Orient Tonneau power reserve









Orient X STI limited edition bracelet version









Black Ray


----------



## tankbustaz

orient Tourist dark blue









Planet Orient Black with custom leather strap









Planet Orient orange bezel SS Bracelet


----------



## tankbustaz

*MAKO XL, collect them all haha!*

mako XL lume dial









Mako XL Blue version









orange Mako XL









and my favorite, the Black Mako XL on alba leather strap


----------



## hit80s

Nice collection!


----------



## slccj

Impressive! I have the lume dial Mako XL and thinking of getting a Blue Ray or a Blue XL but the King Diver and the Tourist are tempting as well. In fact they ALL are!


----------



## hooligan

Congrats on a great collection, and thanks for posting the wrist shots I think they are invaluable for judging the true appearance of a watch before making a purchase and just nice to look at as well.


----------



## tankbustaz

hit80s said:


> Nice collection!


thanks bro!



slccj said:


> Impressive! I have the lume dial Mako XL and thinking of getting a Blue Ray or a Blue XL but the King Diver and the Tourist are tempting as well. In fact they ALL are!


yuppp, orient watches are very addictive and tempting



hooligan said:


> Congrats on a great collection, and thanks for posting the wrist shots I think they are invaluable for judging the true appearance of a watch before making a purchase and just nice to look at as well.


thanks bro, 
and yes, wrist shot is needed, glad my posts can be useful for you


----------



## gerryoris

I like the M-force very manly look awesome watch! and hows the lume on the black aviator holding? its is come with a anvil bracelet or separate?


----------



## tankbustaz

gerryoris said:


> I like the M-force very manly look awesome watch! and hows the lume on the black aviator holding? its is come with a anvil bracelet or separate?

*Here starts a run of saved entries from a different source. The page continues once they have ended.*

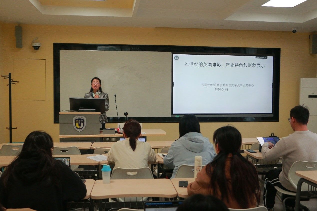 2026年4月8日,北京外国语大学英语学院“知周讲堂”系列讲座于英语楼417教室顺利举行。英国研究中心石同云教授应邀作题为“21世纪的英国电影:产业特色和形象展示”的学术讲座。本次讲座内容深入、视角多元,吸引了众多师生参与。
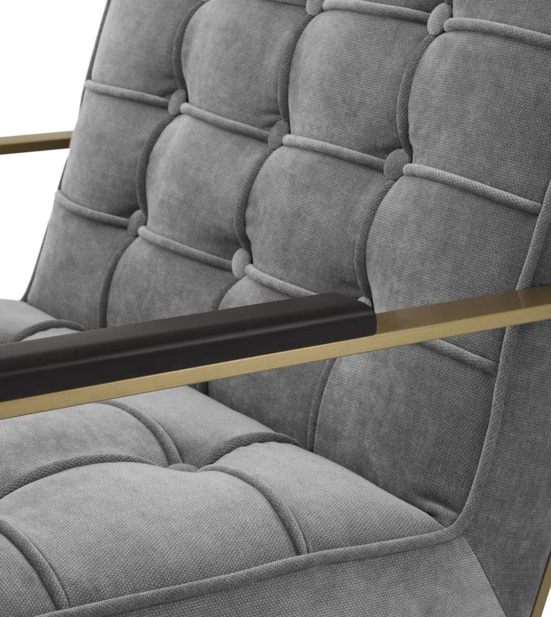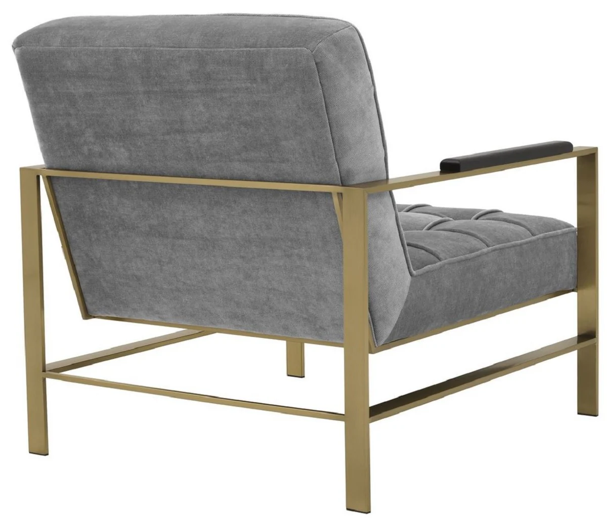 Casa Padrino sill¨®n de lujo gris / lat¨®n / negro 70,5 x 80,5 x A. 75 cm - Sill¨®n de sal¨®n con estructura de acero inoxidable - Muebles de sal¨®n de lujo
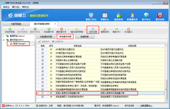 在功能導航窗點“系統(tǒng)管理”—》“操作員及授權”即可進入“操作員管理及授權”界面,選中操作員賬號,在“其他操作權限”界面將“采購入庫單可引用銷售訂單”權限打鉤取消,然后保存權限設置,如下圖所示,設置操作員張亞沒有“采購入庫單可引用銷售訂單”權限。

yeah, m-force is awesome, with 24mm lug it is manly!
the lume on aviator is good, much much better than hogrider
anvil is bought separately


----------



## slccj

Wow. Just wow. You added even more! My wallet is not going to thank you!


----------



## Rojote

I would say your a Orientoholic. Nice.


----------



## jdmfetish

original poster your collection is very nice, i too love them and collect them


----------



## jdmfetish

My favorite Orient classic look wide-date, please, can anyone ID this watch for me?









ID Orient part/model # = #1badazzwach


----------



## lukaboy

The Orient King Diver 40th anniversary limited edition Black is a handsome watch! Beautiful collection


----------



## tankbustaz

slccj said:


> Wow. Just wow. You added even more! My wallet is not going to thank you!


my wallet is thin and slim haha



Rojote said:


> I would say your a Orientoholic. Nice.


thanks bro



jdmfetish said:


> ID Orient part/model # = #1badazzwach


pardon me, but I don't understand, what is badazzwach ?



lukaboy said:


> The Orient King Diver 40th anniversary limited edition Black is a handsome watch! Beautiful collection


the black one is handsome indeed


----------



## bambini

nice collection tankbustaz and jdmfetish!


----------



## jdmfetish

pardon me, but I don't understand, what is badazzwach ?


badazzwach = bad ass watch = nice 



bambini thank you


----------



## Krosya

tankbustaz said:


> Planet Orient Black with custom leather strap


Nice Collection. Could you please tell me what kind of a strap you have on your Planet Orient Black? Could you show more pics of it as well as tell where you got it?
Thanks.


----------



## tankbustaz

bambini said:


> nice collection tankbustaz and jdmfetish!


thanks bro



jdmfetish said:


> badazzwach = bad ass watch = nice
> 
> bambini thank you


haha bad ass watch, i see i see, LOL



Krosya said:


> Nice Collection. Could you please tell me what kind of a strap you have on your Planet Orient Black? Could you show more pics of it as well as tell where you got it?
> Thanks.


hi krosya, I'm using original seiko calf leather 26mm


----------



## tankbustaz

more orient ..........

orient 40th anniversary black with light brown strap (with better serial number)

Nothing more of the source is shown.